5 years is the age when character traits begin to appear, and the authority of parents drops a little. This means that the time for unconditional obedience is over. Children are already beginning to defend their opinion in accessible ways.

How to behave to parents

In order to prevent or mitigate the manifestation of psycho-emotional breakdowns, parents need not only to demonstrate an understanding of their child’s condition, but also to direct his impulsiveness into a peaceful direction.

To do this, you should adhere to the following rules:

  • play with the baby more often: in the daytime it should be outdoor games;
  • shortly before going to sleep with the whole family, arrange walks in the fresh air;
  • delegate simple household chores to children – water indoor flowers, help mom in the store with purchases.

At the same time, it is very important not to forget to thank each time for the help and emphasize how significant it is for you.

Always celebrate the successes and talents of your children in any field, encourage his desire to learn new things. And as often as possible, remind him that you still love him. Then the crisis at the age of 5 in a child will be much milder.

Be sure to explain to the children the boundaries of what is permitted and tell them why it should be that way.

The kid should know the laws and orders adopted in the family. If he threw a tantrum because something didn’t go the way he wanted, wait it out. When the child calms down, you need to talk to him, explaining how to behave, why you can’t do what he wants, throw tantrums.

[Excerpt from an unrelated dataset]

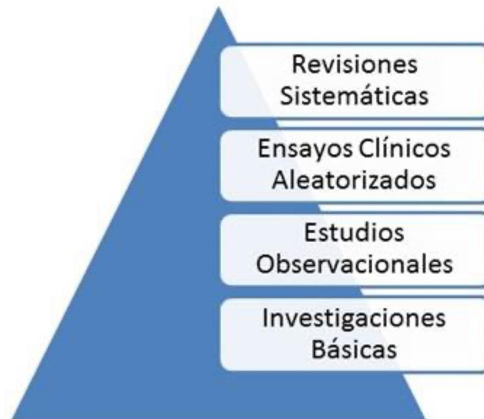
FIGURA 1. Jerarquía de la evidencia.

LA RESPUESTA y TUS CONCLUSIONES ESTARÁN BASADAS EN LA EVIDENCIA

Psychologist’s advice on what not to do

First of all, in no case should you scold the child and even more so punish for bad behavior. Otherwise, alienation and isolation can be provoked, and in the future this will lead to violations of socialization.

The use of physical force is also completely excluded. It is already difficult for children during this period, and by raising a hand against him, you can worsen the condition even more, cause serious psychological trauma.

In the absence of a trusting relationship, the child will conclude that no one is interested in his problems, he interferes with everyone and may refuse to communicate openly with his parents.

You should never criticize the behavior, actions of the child in the presence of anyone. All your comments and claims should be discussed face to face.

Psychologist’s advice includes a ban on showing children their negative emotions. Do not show your disappointment, confusion, anger or resentment. The imperturbable look of the parents in response to the tantrum will discourage the child, and he will very quickly calm down himself. Such behavior will be a prevention of possible manipulations by adults in the future.

It is difficult for parents to remain calm and patient, watching a surge of emotions from an excessively raging child. But it is always worth remembering that it is much more difficult for a baby to survive this crisis. At this age, the perception of the world and one’s place in it is formed. Therefore, parents should treat with patience and understanding the whims of their five-year-old child.